## INPUT DATA
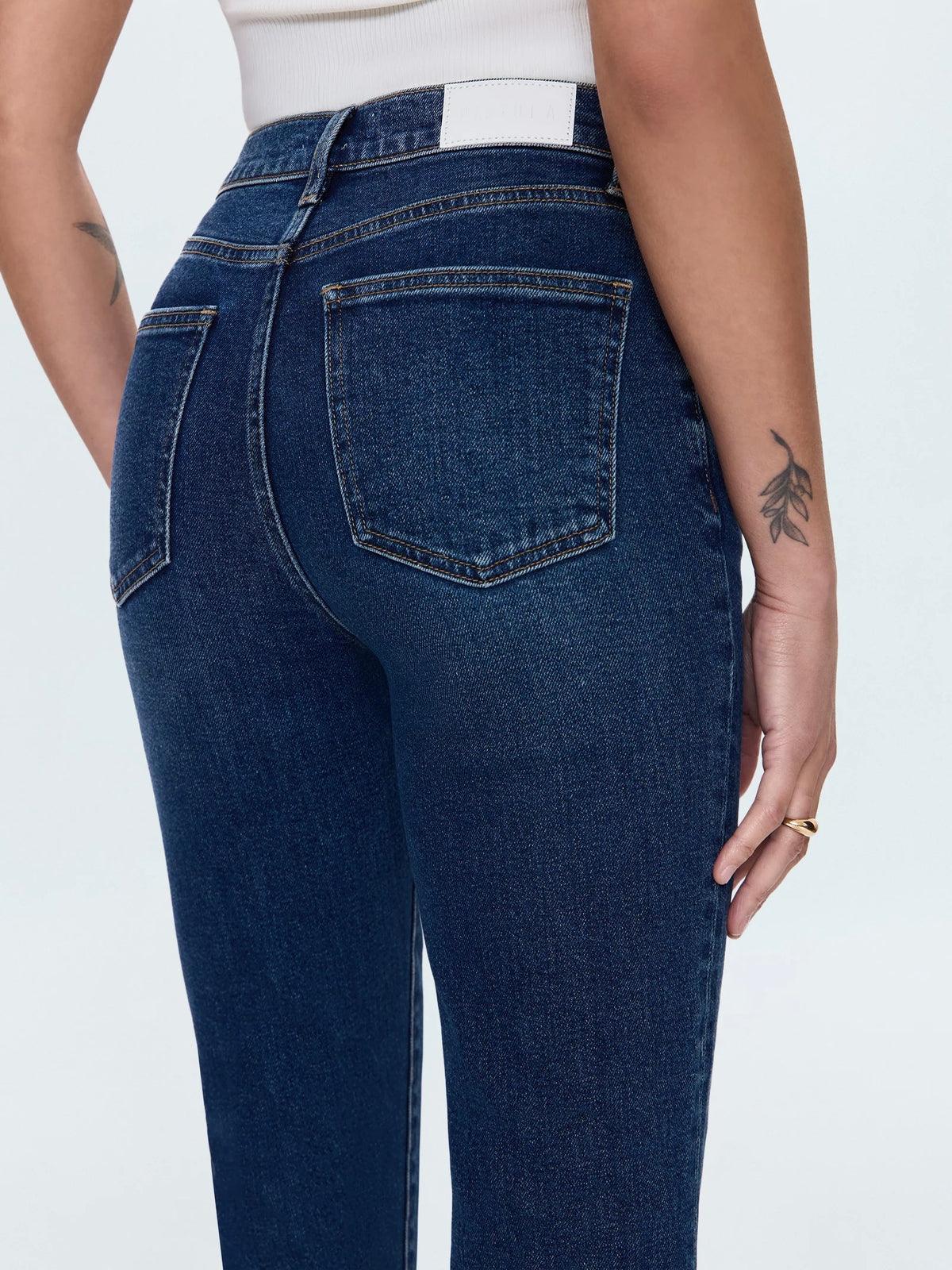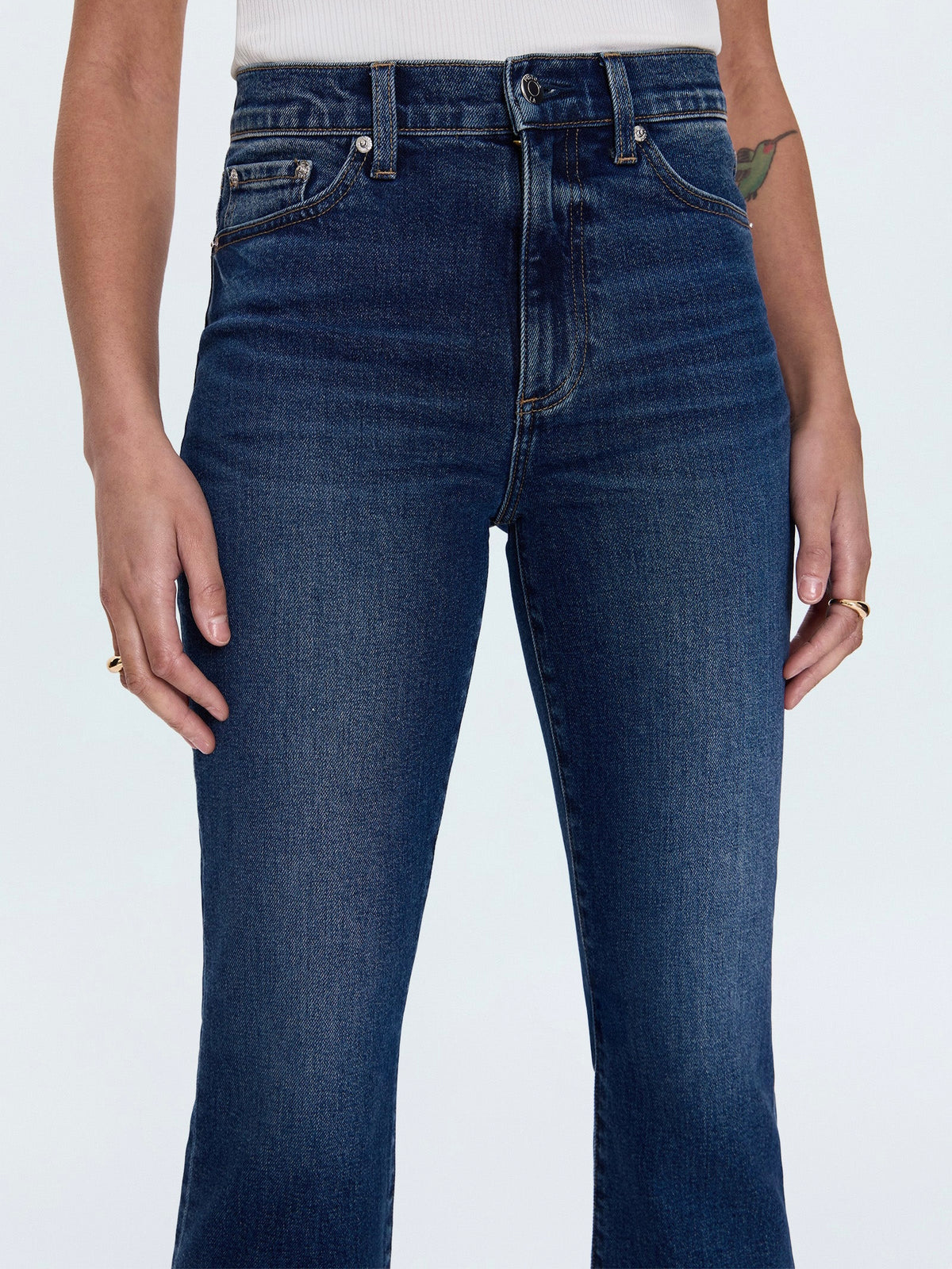 The bootcut you'll reach for again and again. Lennon sits at a high rise with a slim-to-the-body fit that hugs from hips to knee before flaring at the calf for perfect proportional effect. The cropped ankle bootcut creates a flattering silhouette that works with any shoe. Crafted from high stretch fabric that moves as you do while maintaining its expert shape. Broadway brings sophisticated depth with its dark wash, enhanced by subtle fading and whiskering that feels intentional, never overdone.
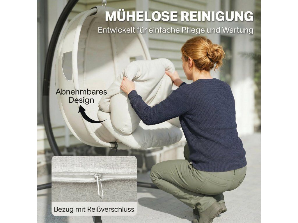 Plyšový jednodílný polštář: Užijte si maximální pohodlí s 20 cm silným jednodílným polštářem venkovního závěsného křesla, vyplněným měkkou bavlněnou látkou z polypropylenu. Snadno odnímatelný a pratelný potah zajistí, že vaše útočiště bude vždy svěží a příjemné.
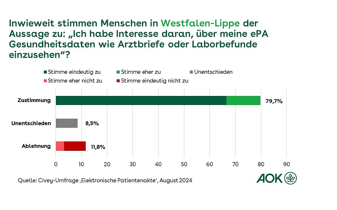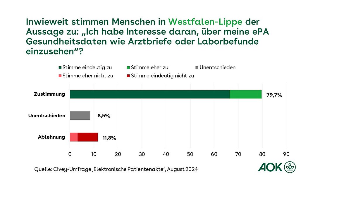 Dortmund. Auf großes Interesse in der Bevölkerung in Westfalen-Lippe stoßen die Inhalte und Funktionen der neuen elektronische Patientenakte (ePA), die im Januar 2025 eingeführt wird. Das ist das Ergebnis einer repräsentativen Civey-Umfrage, die im Auftrag der AOK im August unter 10.000 Personen bundesweit durchgeführt wurde, davon 1.584 in Westfalen-Lippe. So äußern 80 Prozent der Befragten in Westfalen-Lippe Interesse daran, über ihre ePA künftig Gesundheitsdaten wie Arztbriefe oder Labordaten einzusehen. Knapp zwölf Prozent haben daran kein Interesse, acht Prozent sind unentschieden. Hintergrund ist, dass die ePA ab Januar 2025 automatisch für alle gesetzlich Krankenversicherten in Deutschland eingerichtet wird. Über die konkreten Inhalte und Vorteile informiert in diesen und in den kommenden Tagen und Wochen die AOK NordWest rund 1,9 Millionen Versicherte in Westfalen-Lippe per Post oder per E-Mail. „Mit der Einführung der sogenannten Opt-out-Lösung im kommenden Jahr gibt es jetzt die Chance, dass die elektronische Patientenakte flächendeckend in der Versorgung ankommt und dadurch eine große Relevanz im Praxisalltag bekommt“, sagt Tom Ackermann, Vorstandsvorsitzender der AOK NordWest.
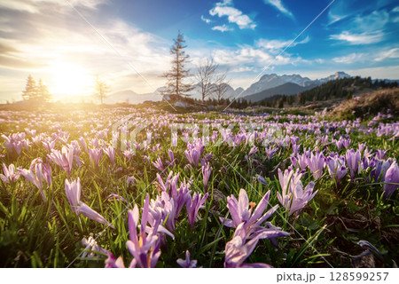 Spring crocus flowers in the green grass, Velika Planina, Kamnic, Slovenia, Easter sunny landscape
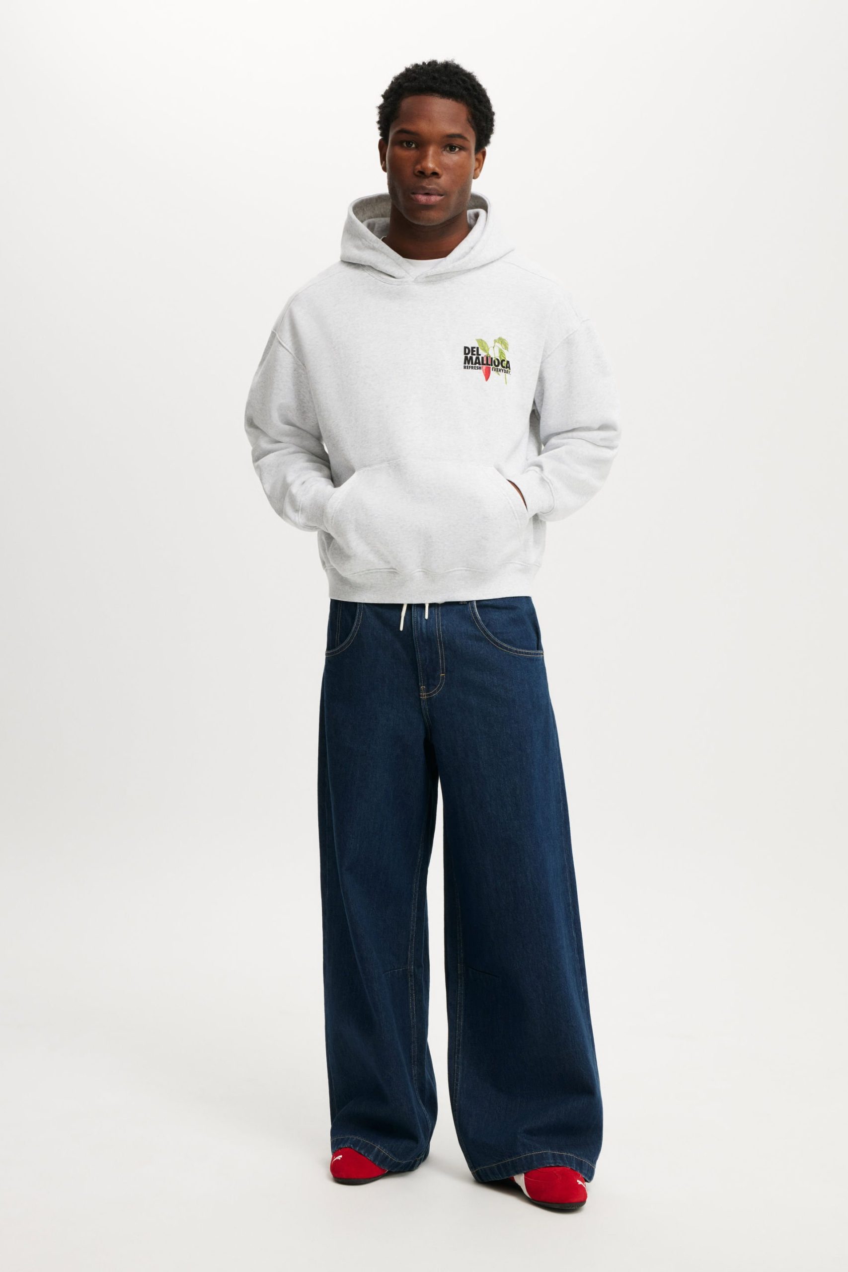 - Relaxed, Box Fit silhouette
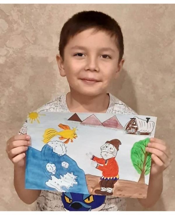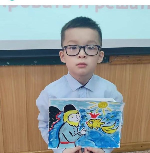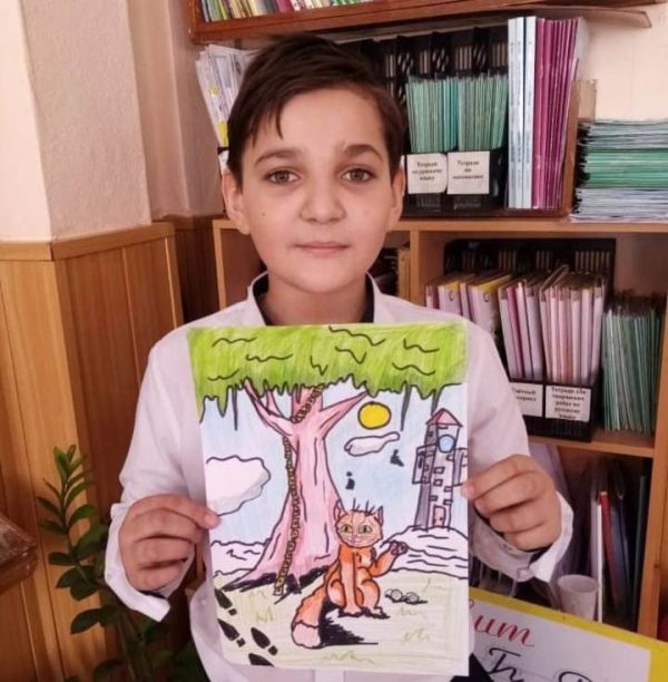 Алиев Карим- ученик 1 а класса принял участие в конкурсе рисунков " Сказки Пушкина "
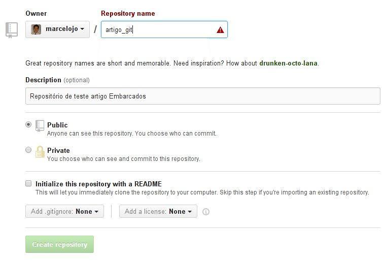 git remote add origin https://github.com/marcelojo/artigo_git.git git push -u origin master Username for 'https://github.com': marcelojo@gmail.com Password for 'https://marcelojo@gmail.com@github.com': Counting objects: 6, done. Delta compression using up to 8 threads. Compressing objects: 100% (3/3), done. Writing objects: 100% (6/6), 489 bytes | 0 bytes/s, done. Total 6 (delta 0), reused 0 (delta 0) To https://github.com/marcelojo/artigo_git.git * [new branch] master -> master Branch master set up to track remote branch master from origin.
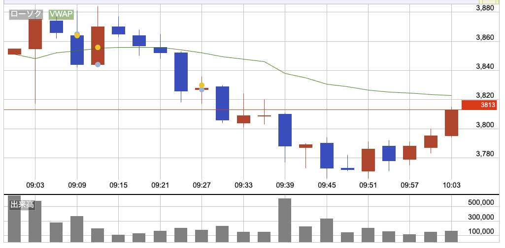 昨日から1.8%下落の3,851円でスタート。序盤はヒゲもボラも大きく、上下に振れる荒い値動き。はっきりした方向は出ずにヨコヨコの時間が続いたけど、その安値を割ってからは売りが強くなって下げが速くなった。寄り付きから見ると、最終的には100円弱下げる値動き。
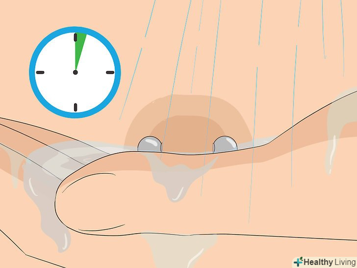 - Нанесіть на Пірсинг м'який миючий засіб без запаху. нанесіть трохи мила на кінчики пальців, а потім акуратними рухами перенесіть мило на сосок. Спінюйте мило навколо соска і пірсингу протягом 5-10 секунд. Намагайтеся не терти шкіру. [17]
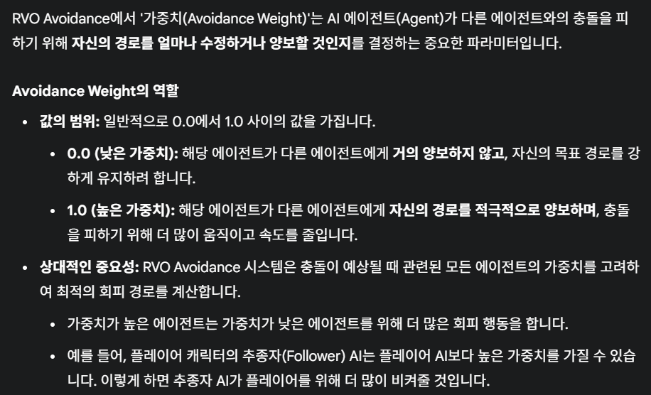 모든 몬스터 캐릭터 대상으로 RVO 회피 사용을 체크하고, 반경을 적절히 지정한다.
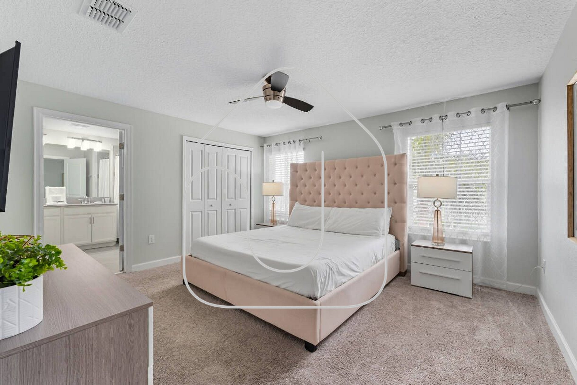 Master Suite (Upstairs): 1 King bed, Smart TV, walk-in closet, private bathroom with shower
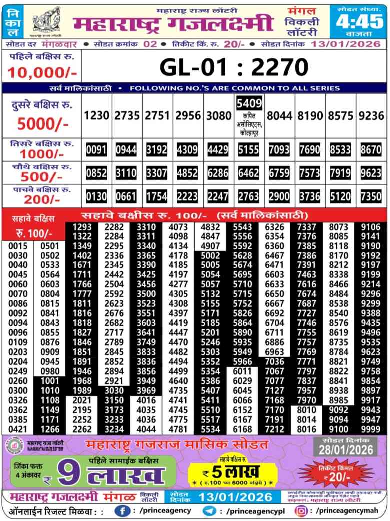Maharashtra State Gajlaxmi Mangal Lottery 4:45 PM Result 13.1.2026
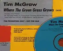 "Where the Green Grass Grows" is a song written by Jess Leary and Craig Wiseman, and recorded by American country music artist Tim McGraw. It was released on July 13, 1998, as the fifth single from McGraw's Everywhere album. The song reached number one on the Billboard Hot Country Singles & Tracks (now Hot Country Songs) chart and peaked at number seventy-nine on the Hot 100.[1] It also reached number one on the Canadian RPM Country Tracks chart.
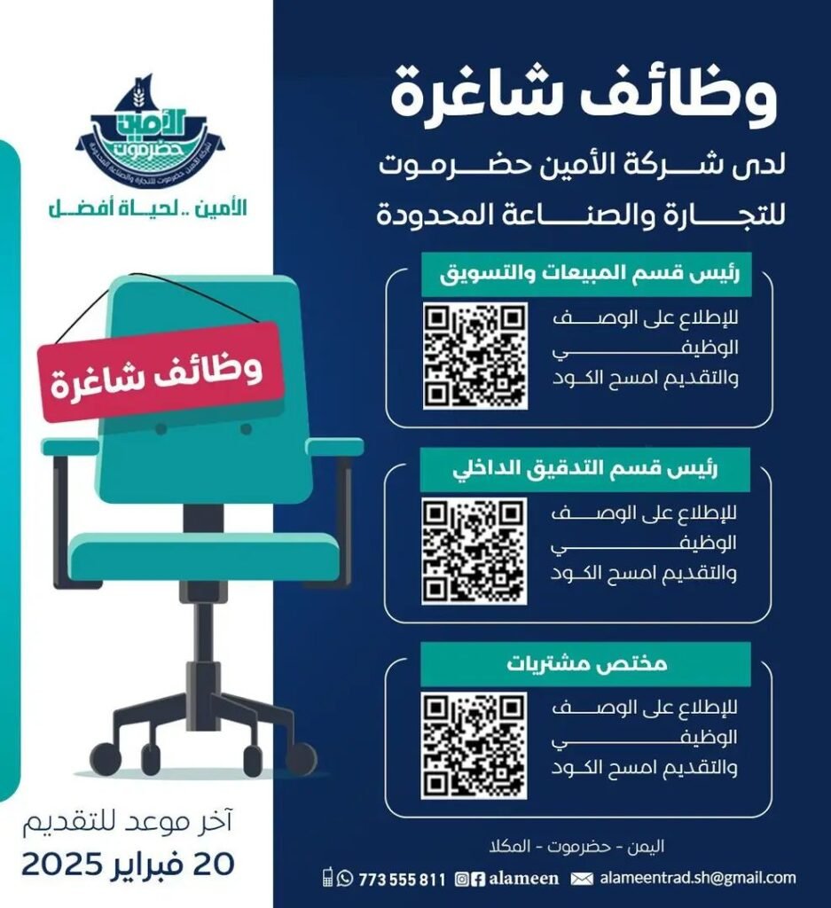 تعلن شركة الأمين حضرموت للتجارة والصناعة المحدودة عن توفر عدد من الوظائف القيادية الشاغرة.

## BRIEF
Exactly repeat every line from the line that includes "- Relaxed, Box Fit silhouette" to the end of the listing, and nothing else, leaving pictures out.

## EXERCISE SOLUTION
 - Relaxed, Box Fit silhouette
 Алиев Карим- ученик 1 а класса принял участие в конкурсе рисунков " Сказки Пушкина "
 git remote add origin https://github.com/marcelojo/artigo_git.git git push -u origin master Username for 'https://github.com': marcelojo@gmail.com Password for 'https://marcelojo@gmail.com@github.com': Counting objects: 6, done. Delta compression using up to 8 threads. Compressing objects: 100% (3/3), done. Writing objects: 100% (6/6), 489 bytes | 0 bytes/s, done. Total 6 (delta 0), reused 0 (delta 0) To https://github.com/marcelojo/artigo_git.git * [new branch] master -> master Branch master set up to track remote branch master from origin.
 昨日から1.8%下落の3,851円でスタート。序盤はヒゲもボラも大きく、上下に振れる荒い値動き。はっきりした方向は出ずにヨコヨコの時間が続いたけど、その安値を割ってからは売りが強くなって下げが速くなった。寄り付きから見ると、最終的には100円弱下げる値動き。
 - Нанесіть на Пірсинг м'який миючий засіб без запаху. нанесіть трохи мила на кінчики пальців, а потім акуратними рухами перенесіть мило на сосок. Спінюйте мило навколо соска і пірсингу протягом 5-10 секунд. Намагайтеся не терти шкіру. [17]
 모든 몬스터 캐릭터 대상으로 RVO 회피 사용을 체크하고, 반경을 적절히 지정한다.
 Master Suite (Upstairs): 1 King bed, Smart TV, walk-in closet, private bathroom with shower
Maharashtra State Gajlaxmi Mangal Lottery 4:45 PM Result 13.1.2026
 "Where the Green Grass Grows" is a song written by Jess Leary and Craig Wiseman, and recorded by American country music artist Tim McGraw. It was released on July 13, 1998, as the fifth single from McGraw's Everywhere album. The song reached number one on the Billboard Hot Country Singles & Tracks (now Hot Country Songs) chart and peaked at number seventy-nine on the Hot 100.[1] It also reached number one on the Canadian RPM Country Tracks chart.
 تعلن شركة الأمين حضرموت للتجارة والصناعة المحدودة عن توفر عدد من الوظائف القيادية الشاغرة.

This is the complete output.